From the 1970's through 2002, the National Licensed Beverage Association (NBLA) was the largest trade association in the hospitality industry, and served as a tobacco industry front group. The tobacco industry funneled money to the NLBA for years to ensure that the NLBA would publicly oppose smokefree policies in workplaces. The tobacco industry succeeded in influencing the NLBA, and used them to promote its agenda and challenge smokefree air legislation.
Read Big Tobacco Buys a Round for the National Licensed Beverage Association for historical background on the tobacco companies' relationship with the NLBA.
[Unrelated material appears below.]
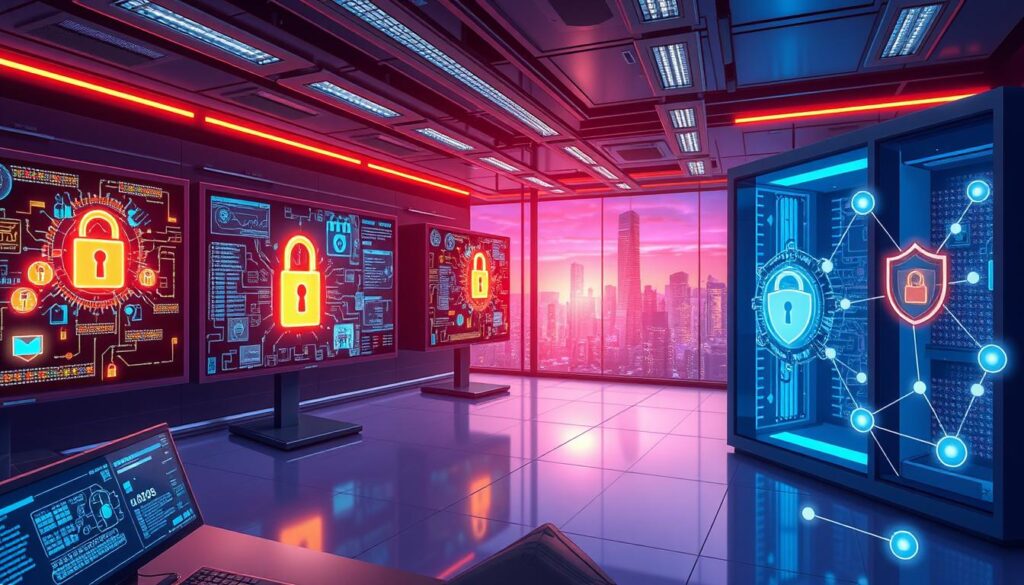 There are many types of cyber attacks, like malware, ransomware, and phishing. These show how cybersecurity challenges are always changing4. With more people working from home, protecting mobile and endpoint devices is key4. Security experts are using artificial intelligence to spot threats early, showing how technology is helping in this fight4.

In 2002, the NLBA and the National Association of Beverage Retailers merged to form the American Beverage Licensees. The American Beverage Licensees (ABL) remains actively opposed to smokefree legislation, stating "ABL opposes the implementation of smoking bans and support the rights of business owners." The ABL also remains connected to the tobacco industry, as R.J. Reynolds Tobacco Company is listed as a 2007 Associate member.
The January/February 2007 edition of the "ABL Insider" newsletter provides an explanation of their membership:
"Affiliate Members: The ABL has 41 Affiliate members that can be found in 34 states and represent 348 of 435 Congressional districts across the country. The associations are generally governed by boards of directors and focus on issues at the state level. Some of those issues include smoking initiatives and other, often municipality-based, issues."
Associate members, which include R.J. Reynolds, are "comprised of leading trade associations and companies either in the alcohol beverage industry or with interest in the alcohol beverage industry."
Many of the ABL's statewide affiliates are actively working to oppose to local and state smokefree laws that cover bars. The March/April 2008 issue of the "ABL Insider" states that both the Pennsylvania Tavern Association and the Licensed Beverage Dealers of South Dakota will focus on defeating statewide smokefree efforts in 2008.